Task: Please restate every line below exactly, without any pictures.

Data for review below:

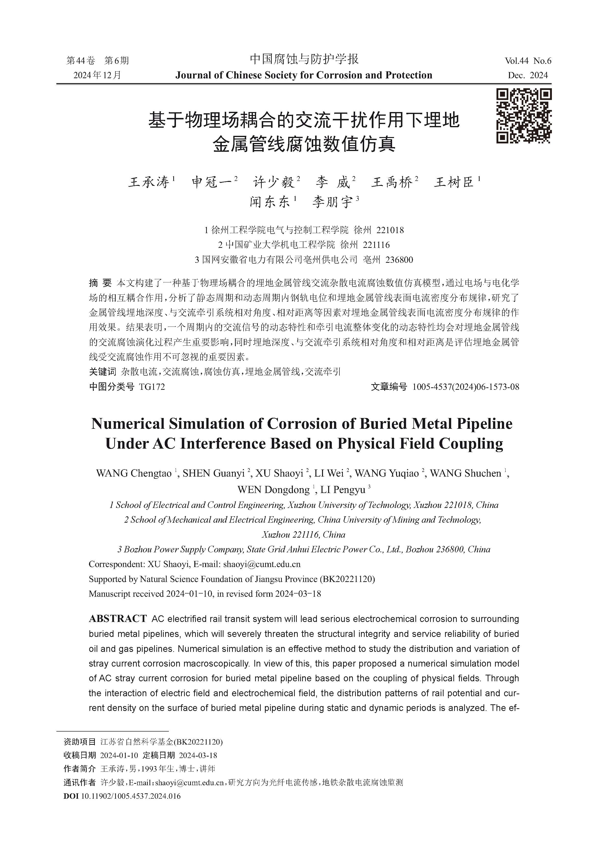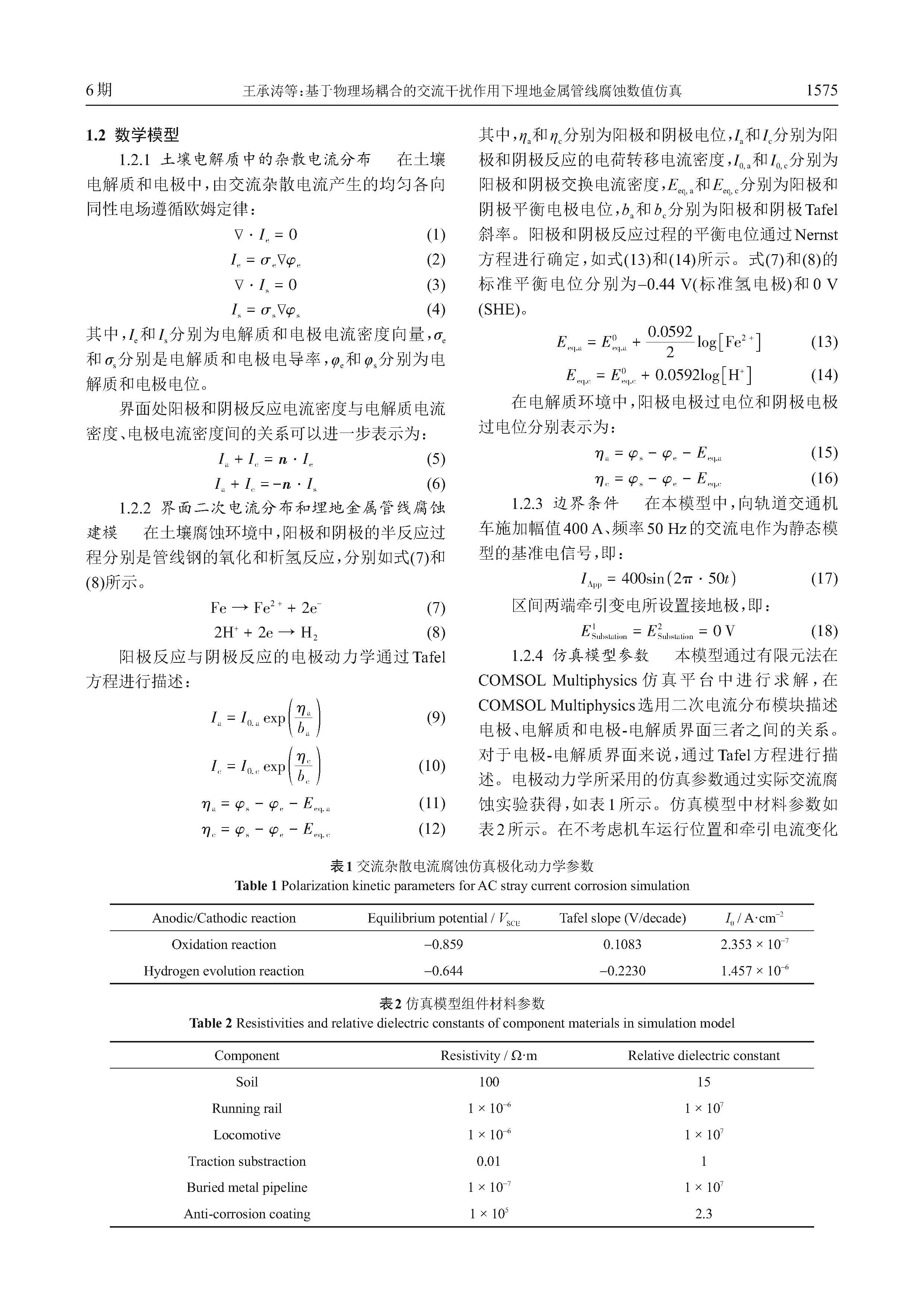 基于物理场耦合的交流干扰作用下埋地金属管线腐蚀数值仿真
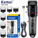 یکی دیگر از ماشینهای اصلاح شرکت کیمی، ماشین اصلاح موی سر و صورت کیمی مدل KM-1550 است که که وزن نسبتا کم، قدرت موتور بالا و طراحی بی نظیری دارد. 6 عدد شانهی اصلاح همراه ماشین اصلاح ارائه شده که توسط آنها میتوان موها را در اندازههای مختلف کوتاه کرد. در انتهای ماشین اصلاح حلقهای برای آویزان کردن آن وجود دارد. لازم است بعد از هر بار استفاده، تیغهها را تمیز کرده و سپس روغنکاری شوند. این کار در مرتبهی اول و قبل از اینکه کالا به دست شما برسد، توسط کارخانه انجام میشود و ممکن است با باز کردن در اولین مرتبه، اثرات آن را مشاهده کنید. در کنار این دستگاه برس تمیزکننده و روغن تیغه ها عرضه شده است. اگر برای کوتاه کردن روزمرهی موهای سر یا ریشتان نیاز به یک ماشین اصلاح دارید، این ماشین اصلاح میتواند این نیاز را پاسخگو باشد. این مدل در عین استقامت بالا، از موتورپرقدرت ، تیغههای از جنس استیل ضدزنگ و طراحی مناسب بهره میبرد. با توجه به بازهی قیمتی و کارایی بالا، این ماشین اصلاح میتواند بهترین انتخاب برای مصارف خانگی و آرایشگاهها باشد.
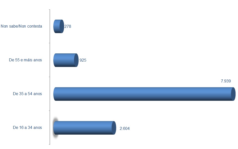 | De 55 e máis anos | 719 | 7,81% | 77 | 6,87% | 129 | 9,07% | 925 | 7,87% |
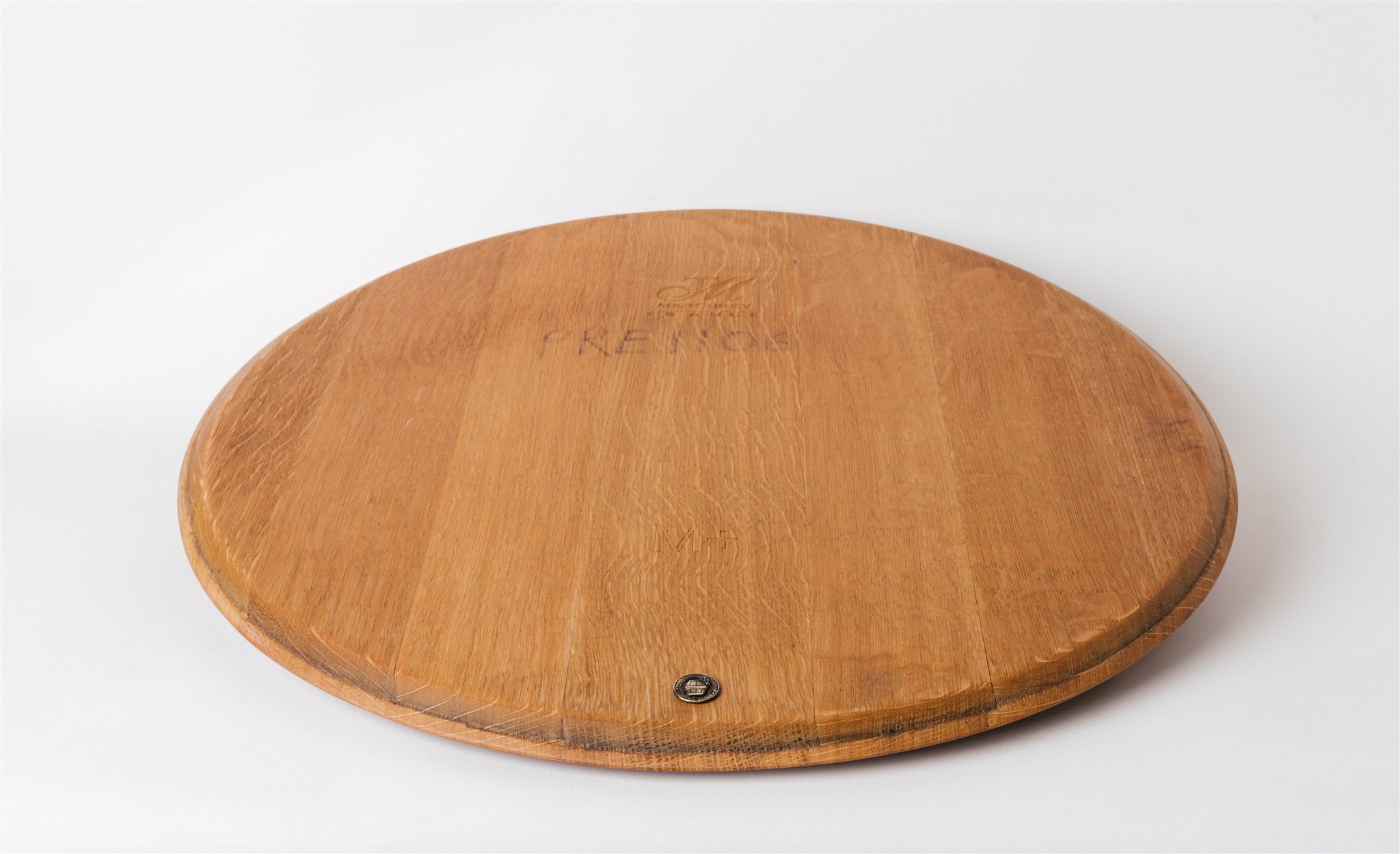 Our Signature Wine Barrel Platter made from a Wine Barrel Head, this has the barrel manufacturers unique French Stamp (may vary from that shown) and our Central Otago Antique tag at the bottom.
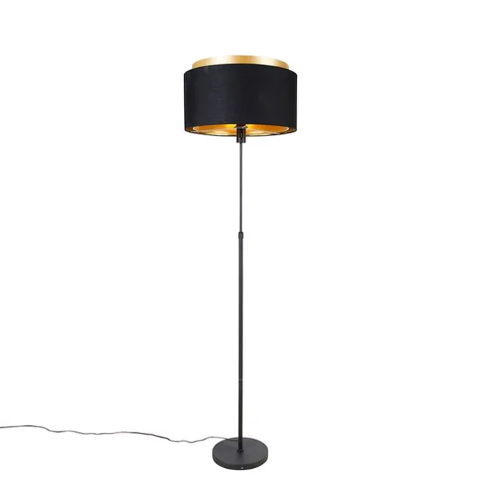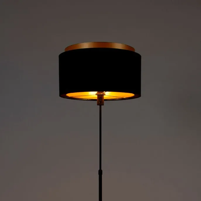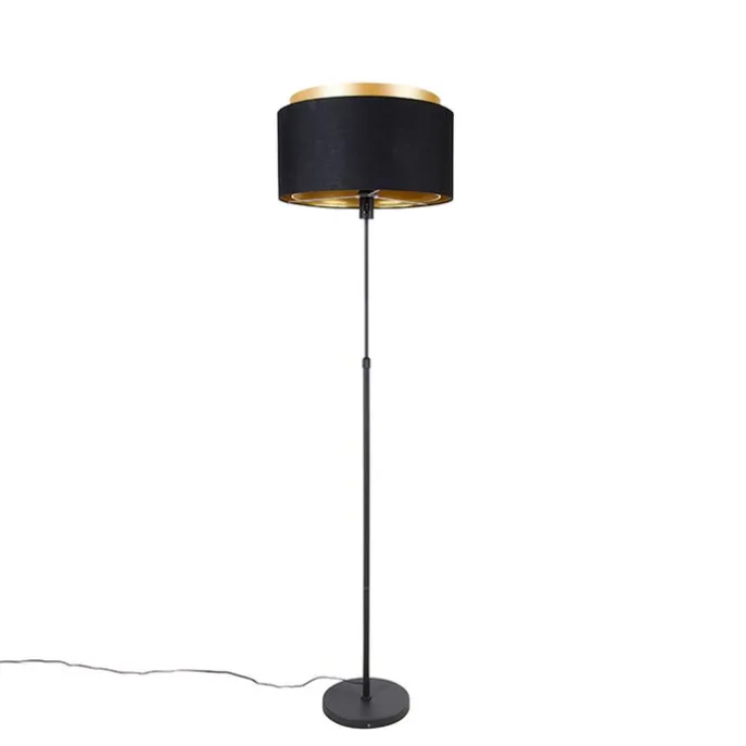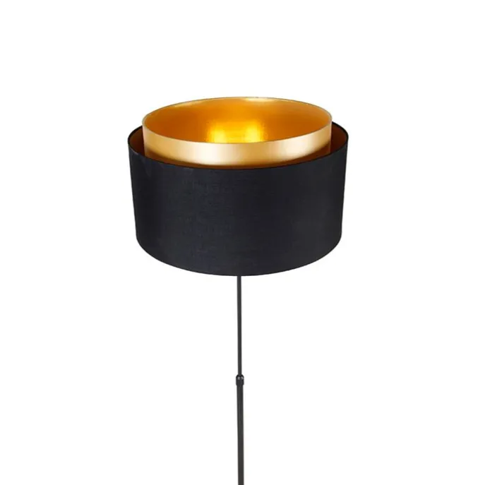 Moderne vloerlamp zwart met goud duo kap – Parte
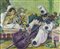 Fred Pittino Dogna (UD) 1906-1991 "Arlecchina e Pulcinella" cm. 80x100 - olio su tela Firmato b. a d. e datato '88. Al retro etichetta dell'Artista con dati dell'opera.
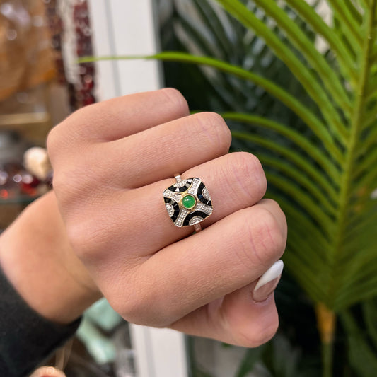 9ct Yellow Gold Jade, Onyx and Diamond Art Deco Reproduction Ring - Size O
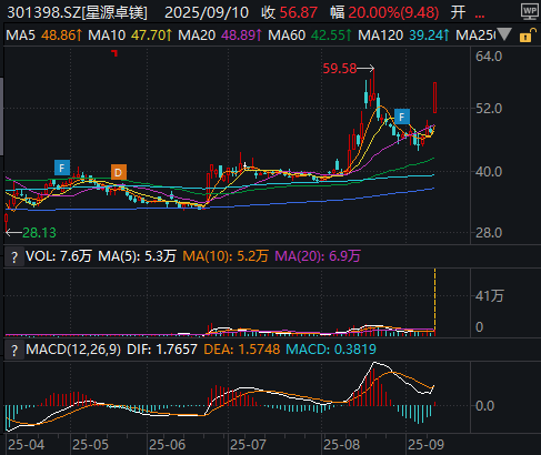 从阶段性表现看,星源卓镁自6月24日收盘至8月20日期间录得81.04%的涨幅,区间最高价触及59.58元,显示出市场对该股的持续追捧。
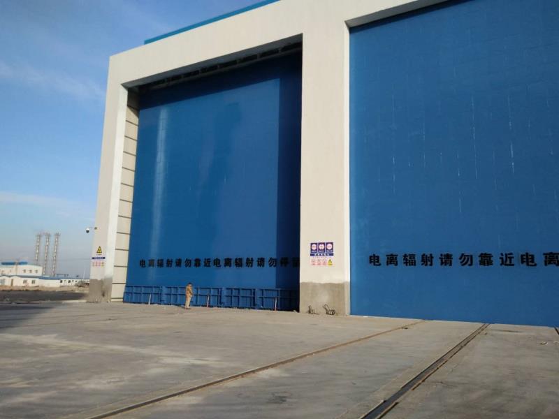 船厂屏蔽门是针对船体无损探伤检测所必须配备的工业辐射防护重要设备,其满足船舶工件、分段正常进出探伤室条件,及在探伤检测时可保证高能射线不会对周围环境和人员造成危害。该项目中,X射线探伤室屏蔽门尺寸为19.2m×19.7m×0.98m,铅板总厚度55mm,γ射线探伤室屏蔽门尺寸为19.2m×19.7m×1m,铅板总厚度72mm,均为亚洲最大尺寸的铅板防护形式的屏蔽门,采用整扇门板形式,推拉式启闭,互为门库。管子探伤室屏蔽门2扇/樘,每扇门尺寸3.7m×6.7m×0.58m,铅板厚度67mm,采用对开形式。操作室屏蔽门3樘,每扇门尺寸2.2m×2.8m×0.25m,铅板厚度35mm,采用推拉式启闭。
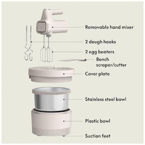 Conteúdo da embalagem: 1 batedeira BELLA Hand & Stand 3,3L, 2 tigelas (inox e plástica), conjunto de batedores, ganchos para massa, tampa/capa multifuncional
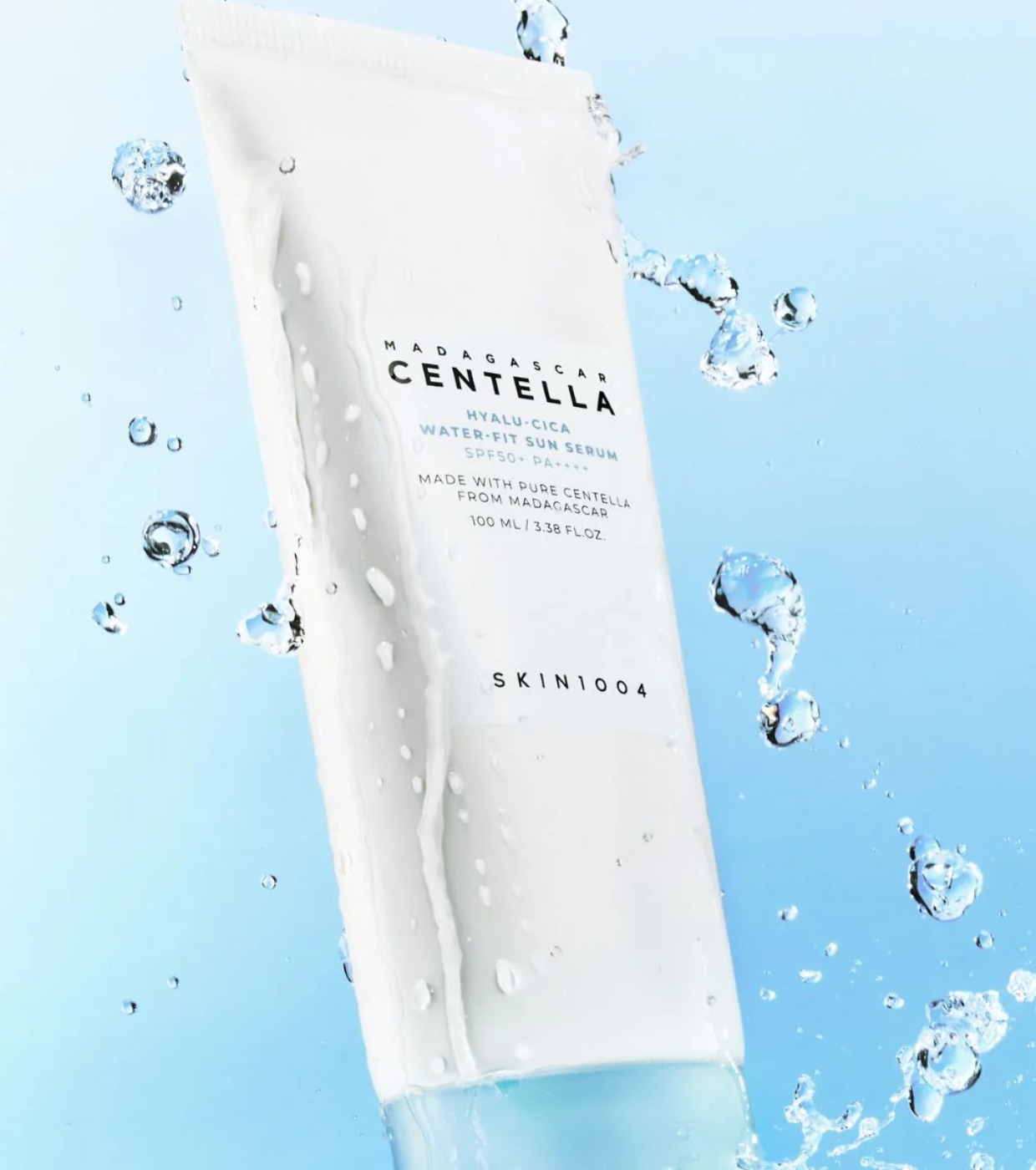 Dieses Sonnenschutzserum für das Gesicht Water-Fit SPF50+ PA++++ von SKIN1004 ist so formuliert, dass es intensive Feuchtigkeit spendet und gleichzeitig vor UV-Strahlen schützt.

End of Data for review.

Task output:
 基于物理场耦合的交流干扰作用下埋地金属管线腐蚀数值仿真
 یکی دیگر از ماشینهای اصلاح شرکت کیمی، ماشین اصلاح موی سر و صورت کیمی مدل KM-1550 است که که وزن نسبتا کم، قدرت موتور بالا و طراحی بی نظیری دارد. 6 عدد شانهی اصلاح همراه ماشین اصلاح ارائه شده که توسط آنها میتوان موها را در اندازههای مختلف کوتاه کرد. در انتهای ماشین اصلاح حلقهای برای آویزان کردن آن وجود دارد. لازم است بعد از هر بار استفاده، تیغهها را تمیز کرده و سپس روغنکاری شوند. این کار در مرتبهی اول و قبل از اینکه کالا به دست شما برسد، توسط کارخانه انجام میشود و ممکن است با باز کردن در اولین مرتبه، اثرات آن را مشاهده کنید. در کنار این دستگاه برس تمیزکننده و روغن تیغه ها عرضه شده است. اگر برای کوتاه کردن روزمرهی موهای سر یا ریشتان نیاز به یک ماشین اصلاح دارید، این ماشین اصلاح میتواند این نیاز را پاسخگو باشد. این مدل در عین استقامت بالا، از موتورپرقدرت ، تیغههای از جنس استیل ضدزنگ و طراحی مناسب بهره میبرد. با توجه به بازهی قیمتی و کارایی بالا، این ماشین اصلاح میتواند بهترین انتخاب برای مصارف خانگی و آرایشگاهها باشد.
 | De 55 e máis anos | 719 | 7,81% | 77 | 6,87% | 129 | 9,07% | 925 | 7,87% |
 Our Signature Wine Barrel Platter made from a Wine Barrel Head, this has the barrel manufacturers unique French Stamp (may vary from that shown) and our Central Otago Antique tag at the bottom.
 Moderne vloerlamp zwart met goud duo kap – Parte
 Fred Pittino Dogna (UD) 1906-1991 "Arlecchina e Pulcinella" cm. 80x100 - olio su tela Firmato b. a d. e datato '88. Al retro etichetta dell'Artista con dati dell'opera.
 9ct Yellow Gold Jade, Onyx and Diamond Art Deco Reproduction Ring - Size O
 从阶段性表现看,星源卓镁自6月24日收盘至8月20日期间录得81.04%的涨幅,区间最高价触及59.58元,显示出市场对该股的持续追捧。
 船厂屏蔽门是针对船体无损探伤检测所必须配备的工业辐射防护重要设备,其满足船舶工件、分段正常进出探伤室条件,及在探伤检测时可保证高能射线不会对周围环境和人员造成危害。该项目中,X射线探伤室屏蔽门尺寸为19.2m×19.7m×0.98m,铅板总厚度55mm,γ射线探伤室屏蔽门尺寸为19.2m×19.7m×1m,铅板总厚度72mm,均为亚洲最大尺寸的铅板防护形式的屏蔽门,采用整扇门板形式,推拉式启闭,互为门库。管子探伤室屏蔽门2扇/樘,每扇门尺寸3.7m×6.7m×0.58m,铅板厚度67mm,采用对开形式。操作室屏蔽门3樘,每扇门尺寸2.2m×2.8m×0.25m,铅板厚度35mm,采用推拉式启闭。
 Conteúdo da embalagem: 1 batedeira BELLA Hand & Stand 3,3L, 2 tigelas (inox e plástica), conjunto de batedores, ganchos para massa, tampa/capa multifuncional
 Dieses Sonnenschutzserum für das Gesicht Water-Fit SPF50+ PA++++ von SKIN1004 ist so formuliert, dass es intensive Feuchtigkeit spendet und gleichzeitig vor UV-Strahlen schützt.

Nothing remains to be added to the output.